Temporary interim custody orders are often issued in Pennsylvania at the onset of a divorce or paternity action. That means you’ll have to abide by these orders until your official custody hearing is held. While the restrictions of shared custody can be difficult, even heart-breaking, you must follow these interim custody orders to the letter. Some parents are tempted to break the rules and take their children on outings without telling the other parent. Even if you’re just taking the children on a short trip to the park, or if you keep them an hour longer than permitted, you’re disobeying court orders. Custody judges are evaluating your ability to respect the other parent and the court itself. Violating the terms of custody, even just a little, may result in being assigned less visitation time, or even arrest. While following the court-assigned custody orders may be difficult in the short-term, it could help you gain more time with your children in the long-term.
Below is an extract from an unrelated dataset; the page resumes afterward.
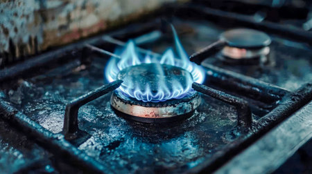 Blue flames flicker on a gas stove in a cozy kitchen, highlighting the intricate details and warm ambiance created by natural lighting.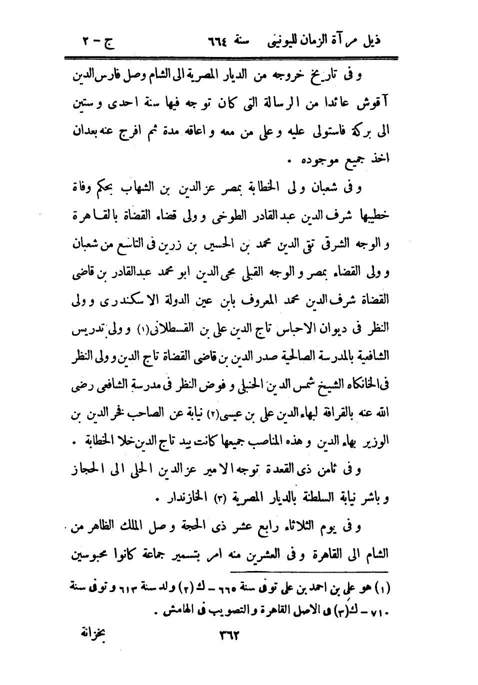 وفي شعبان ولي الخطابة بمصر عز الدين بن الشهاب بحكم وفاة خطيبها شرف الدين عبد القادر الطوخي وولي قضاء القضاة بالقاهرة والوجه الشرقي تقي الدين محمد بن الحسين بن زرين في التاسع من شعبان وولي القضاء بمصر والوجه القبلي محي الدين أبو محمد عبد القادر بن قاضي القضاة شرف الدين محمد المعروف بابن عين الدولة الإسكندري وولي النظر في ديوان الأحباس تاج الدين علي بن القسطلاني وولى تدريس الشافعية بالمدرسة الصالحية صدر الدين بن قاضي القضاة تاج الدين وولى النظر في الخانكاه الشيخ شمس الدين الحنبلي وفوض النظر في مدرسة الشافعي رضي الله عنه بالقرافة لبهاء الدين علي بن عيسى نيابة عن الصاحب فخر الدين بن الوزير بهاء الدين وهذه المناصب جميعها كانت بيد تاج الدين خلا الخطابة وفي ثامن ذي القعدة توجه الأمير عزالدين الحلي إلى الحجاز وباشر نيابة السلطنة بالديار المصرية الخازندار.

Child Custody Mistake: Posting on Social Media

Social media has become such an accepted part of our lives that it’s sometimes easy to forget that what you say and show on social media can be shared with anyone. That’s why, during a divorce and throughout the child custody process, it’s important to be as respectful and responsible on social media as you would be in the courtroom. It’s almost always a bad idea to share rants about your spouse. It’s can also be harmful to share posts about how well you’re doing, showing yourself intoxicated, or showing yourself in a new relationship. Posting anything that could be seen as hurtful to your children or that portrays you as a less-than-ideal parent, even when you’re away from your children, can be used against you in court. Remember that, in Pennsylvania, social media posts can be used as evidence that you are an unfit parent. Sometimes your posts will be used intentionally out-of-context. Play it safe, and keep your social media posts very conservative.
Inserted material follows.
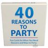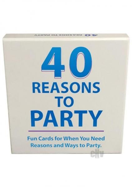 40 Reason To Party adult card game from Kheper Games. 40 Reasons to Party is a set of 40 illustrated cards that give you fun reasons and ideas on how to party. When you feel like having some fun, select a card and display it for your friends. Then carry out the instructions or drinking game rules. Example cards include Because the wine wont drink itself. Go wine tasting! and Someone offered you a penny for your thoughts, and you said you would rather play quarters. Please note the 40 Reasons to drink card games is the upper part of the image. Categories: Party Games, Gifts, Supplies, Adult Gags, Gifts and Novelties, Adult Party Games. 2024.

Custody-Mistakes-Lancaster-County-PA

Child Custody Mistake: Refusing to Co-Parent

Divorces are rarely easy, and some parents will find it challenging to communicate calmly and rationally after a divorce. However, the Pennsylvania courts usually favor parents who place the welfare of their children above their own feelings. If parents can’t agree on joint legal custody, then a judge may favor the parent who has consistently made good-faith efforts to co-parent. The courts rarely favor the parent who refuses to communicate or the parent who is repeatedly angry, insulting, or unavailable. Custody judges tend to side with parents who make sincere efforts to be reasonable and cooperative. To improve your odds in a custody case, once you’ve decided to divorce, try to shift your focus away from the spouse towards the well-being of your children. Working with your spouse to provide the best life for your kids will not only impress the courts, it may make the process easier for your children.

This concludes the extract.